I recently competed in my gyms weekly contest and am currently ranked 2nd in the gym (over guys and girls) got to be honest it suprised the hell out of me as i cant say there is one person in my gym who doesnt train their **** off. Some of you may know i train on my own and in a mainly male orientated gym its been difficult to push myself in certain exercises due to not having a spotter but ive always made continuous improvements. Im also very very shy in real life and it took me ages to muscle up the courage to ask one of the staff to watch my challenge attempt (which incidently i did at the end of an hour long leg session so im pretty sure i could have done more in the challenge had i done it at the start)

Ive searched around for strength standard for women and they seem to vary quite alot. Im interested in finding out if there is an official table used as strength training has never been my goal (although its kind of a bi product of mass building) and i found the buzz i got from competing and seeing my placement in the gym definitely makes me want to take part again.

My current weight is 61kg and here are some of the figures from my lifts and exercises. I have no idea if theyre 'normal' above/below average but itd be nice to find out.

Bench Press 50kg 6 reps

Dumbell overhead press 20kg dumbells 10 reps (I Have difficulty getting the bigger ones into position so for safetys sake i havent gone higher but definitely think i could manage it

Squat 60kg My squat technique isnt right at the minute, i have lower back issues so ive been taking it really slowly and not pushed myself in this focusing more ont he leg press

Deadlift 90kg As with my squats this seems to give me some issues s ive been alternating with rack pulls to try and strengthen my technique

Close grip Ez bar press 27.5kg 10 reps

I can do dips and chins well enough although pull ups need a lot of work ive written myself a new back program for the winter so hoping to see the fruits of that soon enough.

Anyway any of the ladies out there want to post up some of their figures for comparrison itd be greatly appreciated. The only other women in my gym are usually being forced to lift weights by personal trainers so ive no one who lifts from the love of it to talk to.


----------



## secondhandsoul (Feb 6, 2012)

Evening bump


----------



## MRSTRONG (Apr 18, 2009)

bench is decent , need to work on other lifts but your strong for 61kg .

as for comparing then if you compare against a strong woman it will be different to a powerlifter .

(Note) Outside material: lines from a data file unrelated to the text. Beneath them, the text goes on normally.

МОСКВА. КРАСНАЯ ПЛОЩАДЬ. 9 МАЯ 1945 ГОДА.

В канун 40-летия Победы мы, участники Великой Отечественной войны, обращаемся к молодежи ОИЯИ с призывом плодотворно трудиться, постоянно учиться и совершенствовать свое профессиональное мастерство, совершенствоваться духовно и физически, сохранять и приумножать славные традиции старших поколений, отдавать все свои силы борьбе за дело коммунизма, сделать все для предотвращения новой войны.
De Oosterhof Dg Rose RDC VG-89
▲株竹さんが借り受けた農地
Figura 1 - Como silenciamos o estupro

best thing is have a look at pl records for your weight .


----------



## secondhandsoul (Feb 6, 2012)

Cheers mate. I'll have to get online and have a look at records. I know I won't be in the sane league as strongwomen or powerlifters but itd be interesting to see what kind of figures the other ladies put up. A bit of motivation that's achievable rather than trying to go at it with the lads....I'll get to them sooner or later


----------



## Fieryfilly (Nov 12, 2012)

you put me to shame, but I'm only 47.5 kilogrammes :blush:


----------



## BestBefore1989 (Oct 21, 2008)

http://gubernatrix.co.uk/2008/12/strength-standards-for-women/

found this if it helps


----------



## 25434 (Dec 27, 2011)

Hello there, I'm what they call a recreational trainer person...no comps in mind, just doing it for the love of it. But I love the strength training and just have a go and do my best..here is what I can do if it helps you in any way...these are the best ones I've done in the past. At the moment I'm sorta recovering from injury and playing it a bit poop...so don't think I do these all the time ...not all of them anyway...

Bench press..best one to date is 55kg on a good day...but 50kg is the one I can a few of.

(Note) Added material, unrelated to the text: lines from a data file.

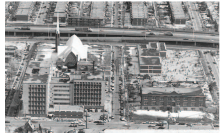
Une partie du noyau institutionnel de Ville Saint-Michel avec l'hôpital Saint-Michel, l'église Saint-Bernardin-de-Sienne, l'école Saint-Bernardin et l'académie Bélair circa 1982.
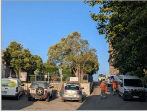
Photo avant les travaux
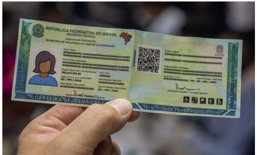
Modelo da nova carteira de identidade

Assim, o parlamentar reafirma como uma voz ativa em defesa dos interesses de Rondônia, mostrando que a política pode, sim, ser a ponte entre os cidadãos e seus direitos. A
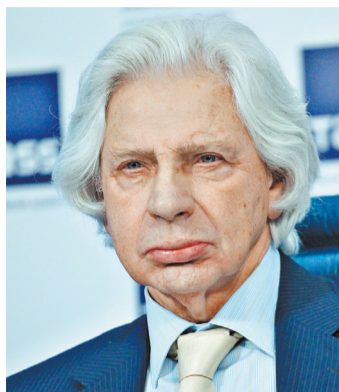
Генри Резник пользуется большим авторитетом не только у адвокатов.

ИЗВЕСТНЫЙ адвокат Генри Резник покинул пост президента Адвокатской палаты Москвы, который он занимал более десяти лет.
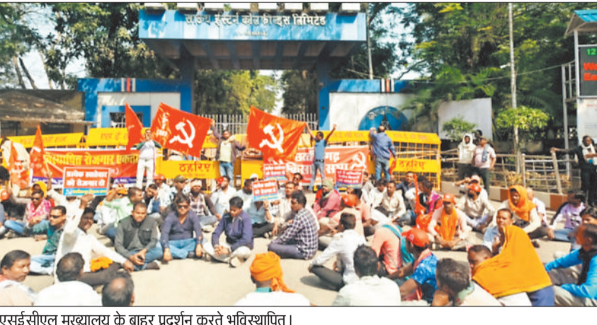
एसईसीएल मुख्यालय के बाहर प्रदर्शन करते भूविस्थापित।

हरिभूमि न्यूज >>> कोरबा एसईसीएल की खदानों से प्रभावित भूविस्थापितों ने छत्तीसगढ़ किसान सभा और भूविस्थापित रोजगार एकता संघ के नेतृत्व में रोजगार सहित अन्य मांगों को लेकर एसईसीएल मुख्यालय का घेराव कर दिया। धरना प्रदर्शन के दौरान

Leg press 250kg done today

Squat, highest ever was 85kg pre-injury and only one rep, currently highest is 72.5kg and hopefully on the way up again, my goal being 100kg

Deadlift, highest is 110kg but currently working my way back up and only up to about 90 ish...for several reps


----------



## secondhandsoul (Feb 6, 2012)

Cheers guys all very helpful. Flubs your a beast


----------